According to the present invention has been developed primarily though not exclusively, with a view to providing a sanding process of the type mentioned at the outset and a sanding device for the carrying into effect of the process, whereby more reliably and precisely much larger and smaller sand quantities can be dosed, the sanding device being suitable in particular for path-proportional sanding, i.e. for velocity-dependent quantity control.

The sanding device is to replace the hithto known installations at motor traction vehicles which are actuated mechanically by the locomotive driver or electrically against slip of the motor traction vehicle on starting, shunting, and on ascent slopes and in the event of sliding of the motor traction vehicle and of the train on braking being effected. The sanding device is, however, also to be precontrollable by velocity signals and also due to slip signals. In addition, the sanding device is also to be employed at travel train compartments for the sanding of long trains and.

there, to be pre-controlled by velocity signals and triggered as a function of slip.

Finally, the sanding device according to the invention is to be suitable, readily and in simple manner, for changing-over the conventional sanding devices.

Tests effected by the inventor showed that the inner friction of the sand can be greatly reduced due to enlargement of its porosity by air, i.e. in cases when the sand has small water contents up to 2 volume per cent. Since the air ducts between the sand grains are, in this case, still to a considerable extent free, they can, by finelydivided air at low pressure, be gradually considerably widened and increased, whereby the sand porosity is for a period of time increased far beyond the normal dimension.

Due to the greater degree of movability of most of the sand grains thereby achieved, the grain faces which still adhere are released from each other and additionally gradually become dried.

As tests have shown, therefore, sand with so small a water content need not be specially pre-dried, it becomes solely due to larger admixture of air, substantially as flowable as dry sand. Frozen adhesion liquid can, via the sand ducts, with hot air, rapidly be melted and also dried.

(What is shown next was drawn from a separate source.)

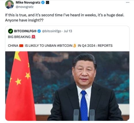 در ۱۴ ژوئیه، مایک نووگراتز ، مدیرعامل گلکسی دیجیتال در X به اشتراک گذاشت که گزارشهایی شنیده است مبنی بر اینکه چین احتمالاً بیتکوین را تا اواخر سال ۲۰۲۴ لغو ممنوعیت خواهد کرد.
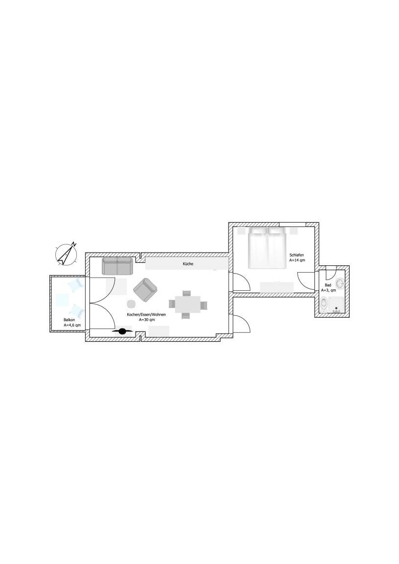 52 m² Ferienwohnung ∙ 1 Schlafzimmer ∙ 2 Gäste

The present invention has been derived from the realisation that fine-grain bulk materials can be delivered and controlled, to a considerable extent independent of their surface character, due to adequate mixing with air such as air-streams, and that due to a higher degree of porosity than the average, in a dry heap, it becomes possible to eliminate higher inner sand friction in consequence of alternating grain sizes, and the adhesion liquid.

The generally larger air quantity for dosing the sand must therefore correspond to the greatly varying sand requirement.

The required air quantity for increasing the sand porosity is, with this arrangement, relatively small and requires only to be slightly controlled.

According to one aspect the invention provides a method of sanding a track, via a sanding tube arranged to direct sand onto the track in advance of a vehicle wheel, by means of a sanding device and sand-supply container controlled from the vehicle; in which a controlled quantity of a main supply of air is supplied to the container so as to convey a controllable sand-air mixture from the container to thesanding tube;; a subsidiary flow of air is caused to flow through substantially the entire content of the sand in the container in co-current or counter current relation to the flow of sand towards the entrance to the sanding tube, and generates a controlled super-atmos pheric -pressure in the contàiner, after a passage of the subsidiary flow of air through the sand in the container, the subsidiary flow is caused to enter the sanding tube; and the rate of flow of air in the main flow and in the subsidiary flow are controlled as a function of the required rate of supply of sand to the track.

According to a further aspect the invention provides a sanding device for sanding a track in advance of a wheel of a vehicle running on the track, the device comprising: a pressurisable sand supply container; a sanding tube having an inlet communicating with the interior of the container to receive a supply of an air-sand mixture therefrom; a pressure control system including an air pressure line communicating with the interior of the sand container; means for defining a main path of airflow from said pressure line to said inlet of the sanding tube so as to deliver a sandair mixture to said inlet;; means for defining a subsidiary path of air-flow through substantially the entire content of sand in the container, in use, in co-current or counter current relation to the general direction of flow of sand towards the inlet of the standing tube, thereby to render flowable the sand in the container and to generate super-atmospheric pressure therein; and means for controlling the rate of flow of air along said main path and along said subsidiary path as a function of the required rate of deposition of sand on the track via the sanding tube.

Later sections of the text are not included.